On January 6, 2022, the board of directors declared a quarterly dividend of $0.14 per share of CMC common stock payable to stockholders of record on January 20, 2022. The dividend to be paid on February 3, 2022 marks 229 consecutive quarterly payments by the Company, and represents a 17% increase from the dividend paid in February 2021. 

Business Segments - Fiscal First Quarter 2022 Review
Demand conditions for CMC's finished steel products in North America remained robust during the quarter, with several key indicators pointing toward continued strength.  Downstream bid volumes, a key indicator of the construction project pipeline, increased meaningfully from a year ago, while new contract awards and backlog also experienced growth.  Demand from industrial end markets trended positively, with most end use applications increasing relative to the prior year.

The North America segment generated record adjusted EBITDA of $268.5 million for the first quarter of fiscal 2022, an increase of 73% compared to $155.6 million in the prior year period.  This improvement was driven by increased margins for steel products and raw materials.  The beneficial impact of increased margins was offset, to a modest extent, by a year-over-year increase in controllable costs per ton of finished steel shipped, which occurred largely from inflationary pressures for freight, energy, and steelmaking consumables. 

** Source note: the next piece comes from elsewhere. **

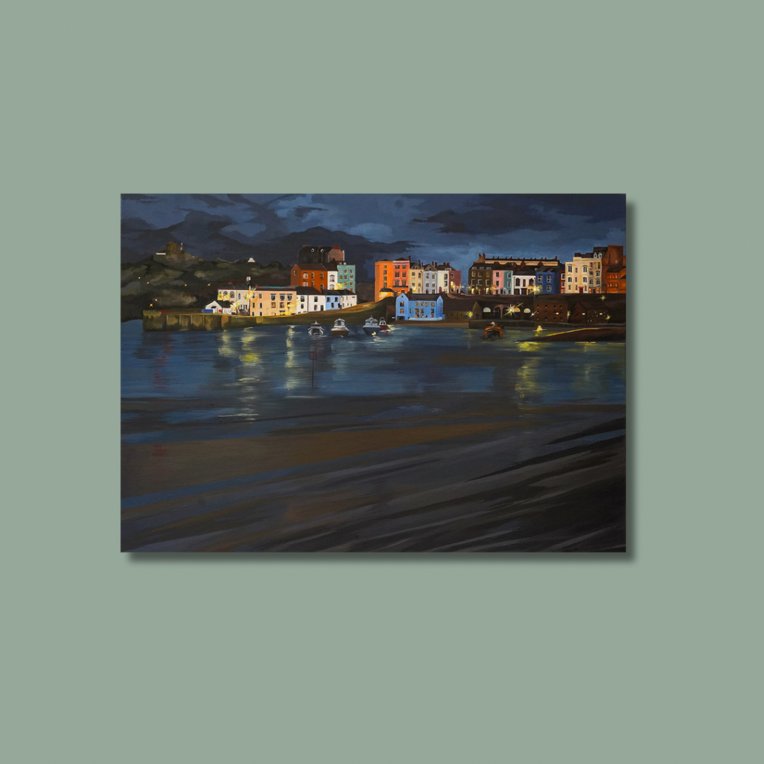 Tenby Harbour, an Autumn Evening. An original framed 90x65 cm acrylic painting on canvas by Welsh artist Caitlin Eve.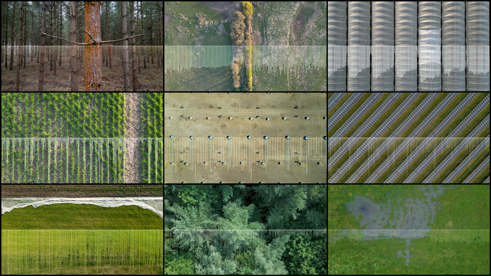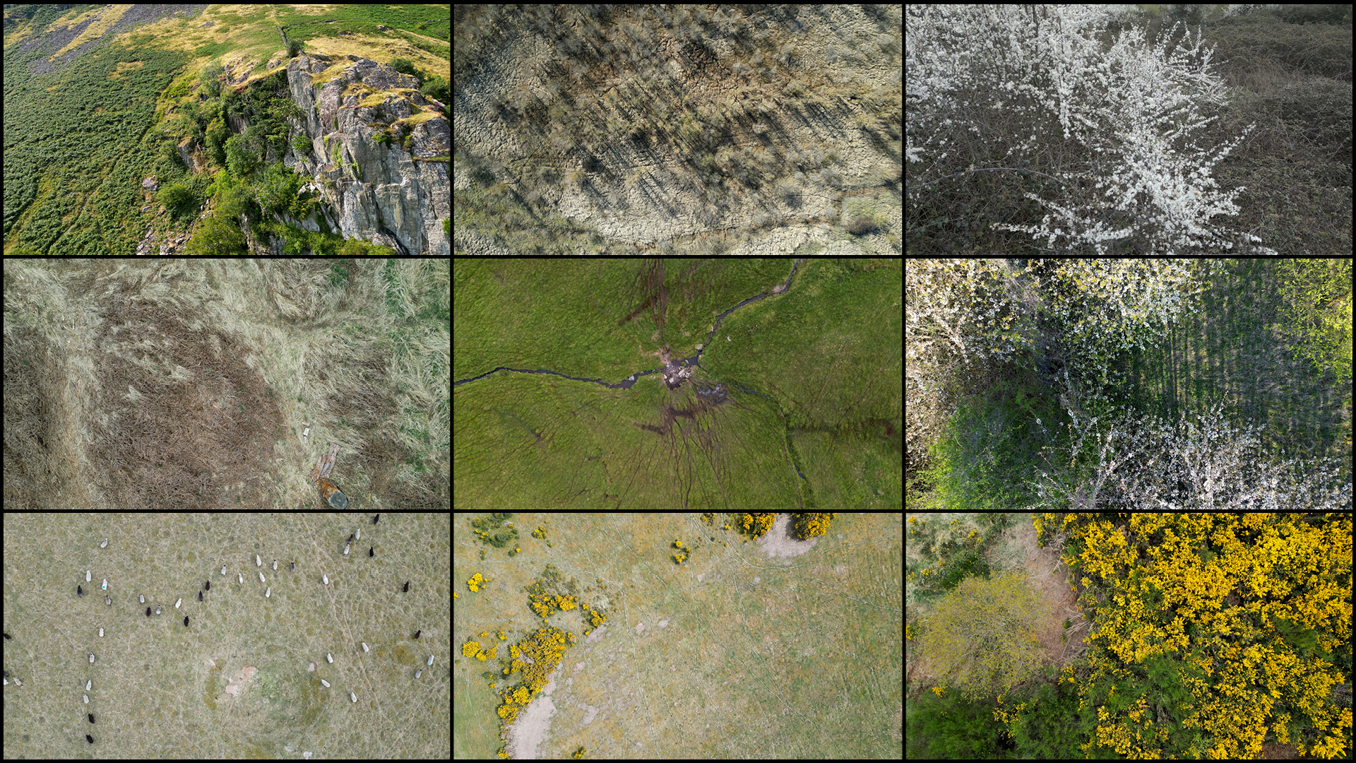Audio-visual research project exploring the sonification of a collection of drone footage gathered from around the UK

Shipment volumes of finished steel, which include steel products and downstream products, followed typical seasonal patterns, and were essentially flat to the prior year first quarter volumes.  Growth in CMC's construction backlog drove a year-over-year increase in downstream shipment volumes, marking the first such increase in eight quarters.

Margin over scrap cost on steel products increased by $202 per ton from the prior year period and $82 per ton compared to the prior quarter.  Favorable market conditions lifted the average selling price by $364 per ton compared to the first quarter of fiscal 2021, against a $162 per ton increase in scrap costs.  Margins over purchase cost on sales of raw materials increased significantly from a year ago, rising $96 per ton to $268 per ton, which compares to a long-term average of approximately $160 per ton.  For downstream products, margins over scrap cost were essentially flat from the prior year period.  Downstream margins were up on a sequential basis, as the average price of contracts in backlog increased throughout the quarter.  Future pricing indicators on new work entering the backlog were again positive during the quarter, as average price levels for bids and new awards increased significantly from the prior year period. 

The Europe segment reported record adjusted EBITDA of $79.8 million for the first quarter of fiscal 2022, up 452% compared to adjusted EBITDA of $14.5 million for the prior year quarter.  The improvement was driven by a significant expansion in margin over scrap, as well as the receipt of a $15.5 million energy credit.  Similar to North America, underlying demand for steel products remained robust, however, shipment volumes were impacted by scheduled maintenance during the quarter.  Volumes of rebar decreased year-over-year due to a planned outage of the rebar line.  Shipments of merchant and other were relatively unchanged from the prior year as sales of higher margin finished products from the new third rolling line replaced sales of semi-finished billets.  Average selling price increased by $408 per ton compared to the prior year quarter, and $106 per ton sequentially.  This drove significant increases in margin over scrap of $236 per ton and $120 per ton from the prior year and prior quarter, respectively.

Outlook
Ms. Smith said, "We continue to anticipate strong fiscal year 2022 financial and operational performances.  Volumes should remain solid, supported by a growing construction backlog in North America, as well as broad strength across key end markets in both North America and Europe."

"The fiscal second quarter has historically seen fewer shipping days due to major holidays and winter weather factors.  We expect shipments during the second quarter of fiscal 2022 to follow these typical seasonal trends.  Despite additional holidays, we anticipate strong financial results, with margins consistent with, or slightly above, recent levels," Ms. Smith added.

Conference Call
CMC invites you to listen to a live broadcast of its first quarter of fiscal 2022 conference call today, Monday, January 10, 2022, at 11:00 a.m. ETBarbara R. Smith, Chairman of the Board, President and Chief Executive Officer, and Paul Lawrence, Senior Vice President and Chief Financial Officer, will host the call. The call is accessible via our website at www.cmc.com. In the event you are unable to listen to the live broadcast, the call will be archived and available for replay on our website on the next business day. Financial and statistical information presented in the broadcast are located on CMC's website under "Investors."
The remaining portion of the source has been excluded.